The Southern Ocean plays an important role in the exchange of carbon dioxide between the atmosphere and the ocean. One aspect of this is the growth of phytoplankton, which acts as a natural sponge for carbon dioxide, drawing the troublesome greenhouse gas from the atmosphere into the sea. When these plankton die they can sink to the bottom of the ocean and store some of the carbon dioxide they have absorbed, a process scientists call the “biological carbon pump.”
Although many areas of the Southern Ocean are rich in nutrients, they often lack iron, which limits phytoplankton growth. An important idea in oceanography is that adding iron to the Southern Ocean could stimulate phytoplankton growth and the biological carbon pump. Some scientists believe that this process can partly explain cycles in atmospheric carbon dioxide over Earth’s recent history and it has also been widely debated as a mitigation strategy for climate change. In two previous studies carried out in the last five years it has been shown that iron fertilization of the Southern Ocean can export carbon dioxide to the deep-sea. “However, to understand the net storage of carbon dioxide in the ocean interior, sinking phytoplankton are only one part of the story,” explains Dr. Ian Salter from the Alfred Wegener Institute, Helmholtz Centre for Polar and Marine Research. “These phytoplankton can be a food source for certain types of planktonic grazers, foraminifer and pteropods, that make shells from calcium carbonate — a process which produces carbon dioxide.”

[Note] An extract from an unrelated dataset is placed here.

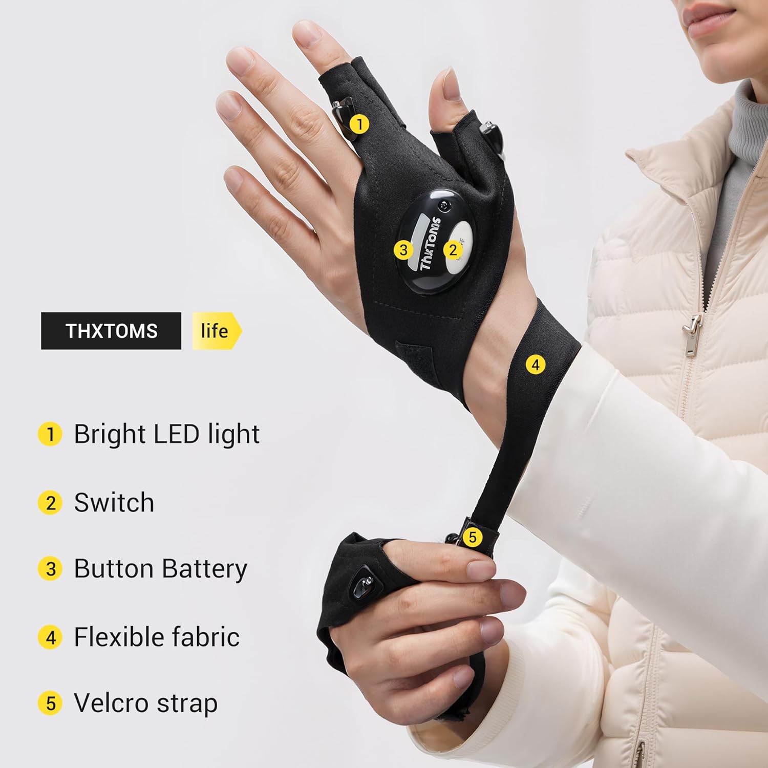 Your Versatile Tool for Work and Outdoor Adventures:These gloves with lights serve as a versatile multi-tool. For auto repair, they help locate screws; for night fishing, they illuminate line knots. Also useful as safety led finger lights for night running or as hands-free led flashlight waterproof gloves for emergencies, camping, hiking, or walking the dog.

The biogeochemist, and an international team of collaborators, were the first to quantify production and sinking of these calcium carbonate shells resulting from a phytoplankton bloom in the Southern Ocean, close to the Crozet Islands, with surprising results. Natural fertilization, caused by iron leached from the basaltic islands, increased the production and sinking of these calcium carbonate shells to a greater extent than sinking phytoplankton. This has important implications for the deep-sea storage of the carbon dioxide resulting from these blooms.
“The production and sinking of these calcium carbonate shells affects the balance of carbon dioxide in the surface ocean over 100 to 1000 year timescales,” explains Dr. Ian Salter. “Our calculations suggest that this process reduces the amount of carbon dioxide transferred to the ocean interior via sinking phytoplankton by up to 30 per cent in this naturally fertilized system. However, it is unclear that purposefully added iron would have the same impact.”
Interestingly the reduction in the efficiency of the biological carbon pump was not just caused by a higher abundance of these organisms, but also by changes in species composition. “In our samples from iron fertilized areas we found more species that produce larger calcium carbonate shells, and in turn produce more carbon dioxide per individual,” explains the biogeochemist. Iron fertilization can therefore affect biodiversity and ecosystem structure with important knock-on effects for climate interactions. “It is important to recognise that our findings are only from a specific area of the Southern Ocean. The ecology of these shelled organisms can be very different depending on the species and exactly where in the ocean they live,” cautions Dr. Ian Salter.
In future research projects Dr. Ian Salter will continue to investigate the sinking of phytoplankton and shelled calcifying organisms in other naturally iron-fertilized areas of the Southern Ocean, in addition to the Arctic Ocean, where melting sea ice conditions may also affect this delicate balance.